More than half the world’s population is living in urban areas

By contrast, more than 80 % of those living in Africa and Asia in 1950 inhabited rural areas. While the pace of urbanisation in these two continents subsequently accelerated, in 2015 a majority of their populations — Africa (59.6 %) and Asia (51.8 %) — continued to live in rural areas. Almost three quarters of the European population lived in an urban area in 2015, while even higher shares were recorded in Latin America and the Caribbean (79.8 %) and North America (81.6 %). These different levels of urbanisation show that, at a global level, it was only during the last decade that the total number of people living in urban areas overtook those living in rural areas.

According to the United Nations (World urbanisation prospects (2014)), approximately two thirds of the world’s population will be living in an urban area by 2050. This rapid pace of change is projected to be driven primarily by changes in Africa and Asia, as the focus of global urbanisation patterns continues to shift towards developing and emerging economies. The pace of change in Europe will likely be slower, with the share of the population living in urban areas projected to rise to just over 80 % by 2050.

Figure 1: Share of urban and rural populations, 1950–2050 (1)
(% of total population)
Source: World urbanisation prospects — United Nations, Department of Economic and Social Affairs, Population Division (2014)

Aside from the considerable differences in shares of urban populations across continents, there are also widespread differences between countries.
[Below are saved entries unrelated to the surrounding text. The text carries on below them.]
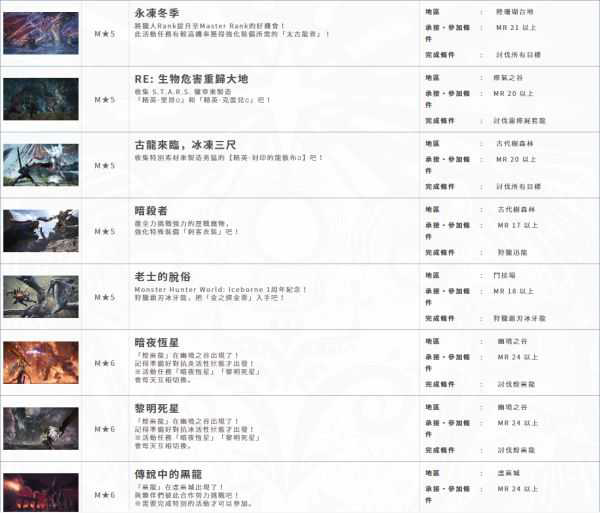 《怪物猎人世界》冰原DLC更新到了15.1版,并且从12月4日开始,几乎所有的活动任务都再次开放,玩家可以刷个够,此前没拿到的奖励也能借此机会去获取了。下面为大家带来《怪物猎人世界》冰原15.1版活动任务汇总 ,一起来看看吧。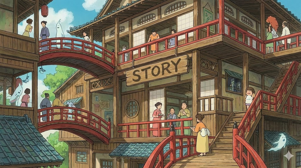 | 종합 뉘앙스 | (1) 사건의 흐름을 일정한 줄거리로 엮은 것(사실 또는 허구). (2) 건물의 높이를 나누는 수평적 구획(층). | '서사 또는 건물의 층' |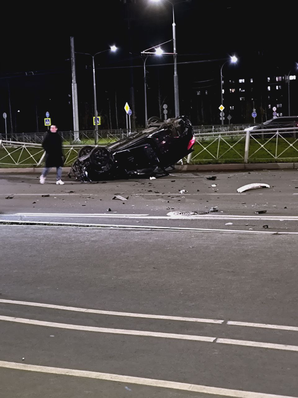 Жесткая авария в Петрозаводске: автомобиль перевернулся на крышу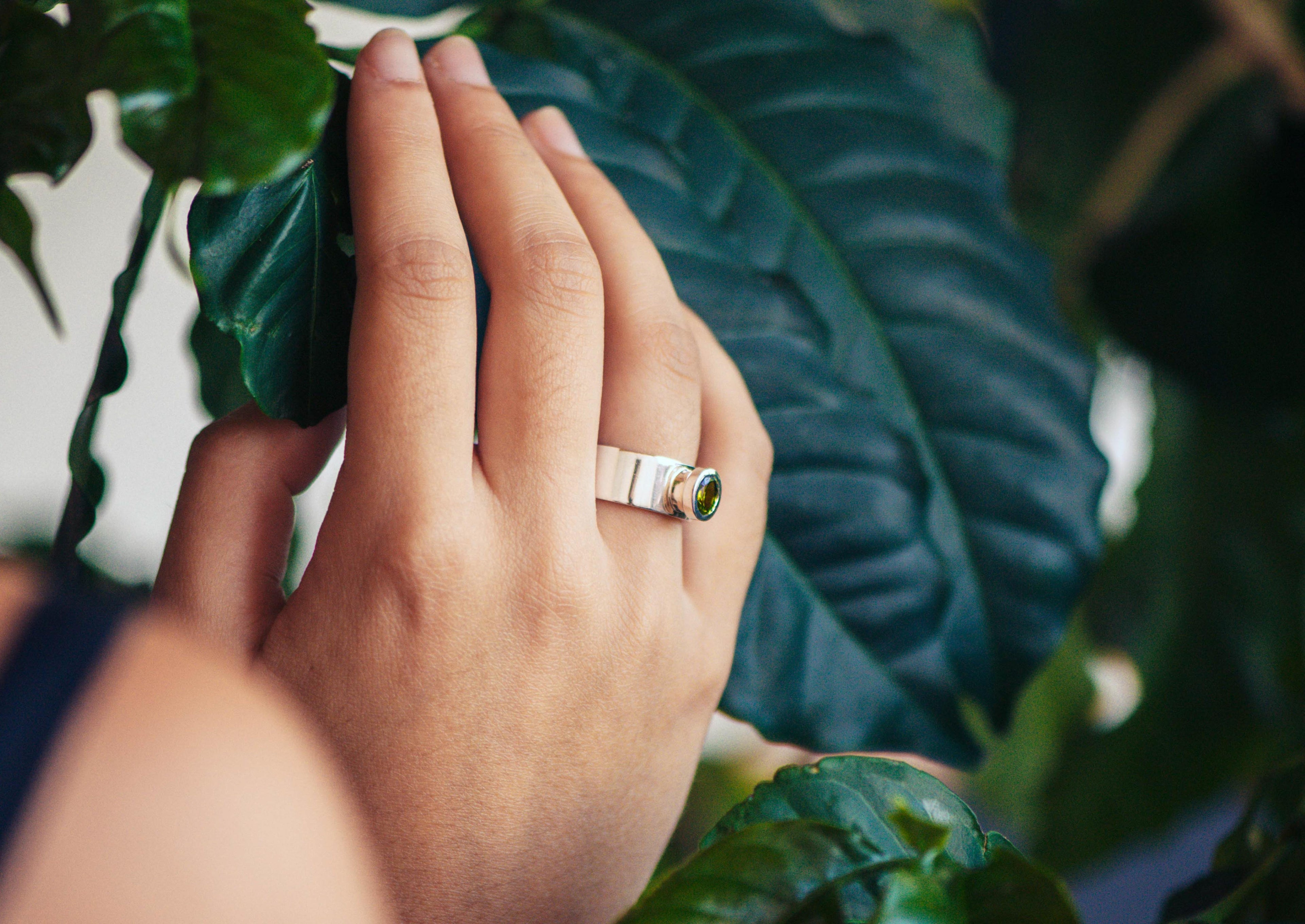 Round Chimney Gemstone Ring, Sterling Silver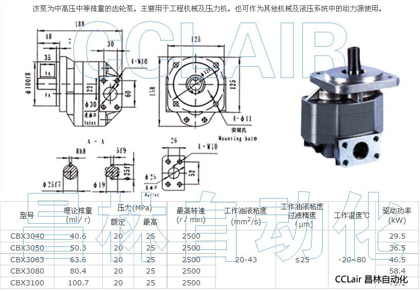CBX3040,CBX3050,CBX3063,CBX3080,CBX3100,齒輪泵

Figure 2 provides information on the share of the urban population in 2014, which peaked (among those countries shown) in Argentina and Japan (2010 data) at over 90 %. Just over half (54.3 %) the population of China was living in an urban area in 2014, while the urban population in India (2011 data) accounted for less than one third (31.1 %) of the total number of inhabitants.

For a more detailed analysis of global changes in the degree of urbanisation (based on the development of a new global population grid), please refer to The State of European Cities report, recently released by the Directorate-General for Regional and Urban Policy.

Figure 2: Share of urban population, 2014 (1)
(% of total population)
Source: Demographic yearbook — United Nations, Department of Economic and Social Affairs, Population Division (2014)

Paris and London — the EU’s largest cities — were less than one third the size of Tokyo

The spatial distribution of cities varies considerably: Europe is generally characterised by a high number of relatively small cities and towns that are distributed in a polycentric fashion; this reflects, to some degree, its historical past which has led to a fragmented pattern of around 50 countries being spread over the continent. By contrast, in some parts of Asia and North America, a relatively high proportion of the urban population is concentrated in a small number of very large cities.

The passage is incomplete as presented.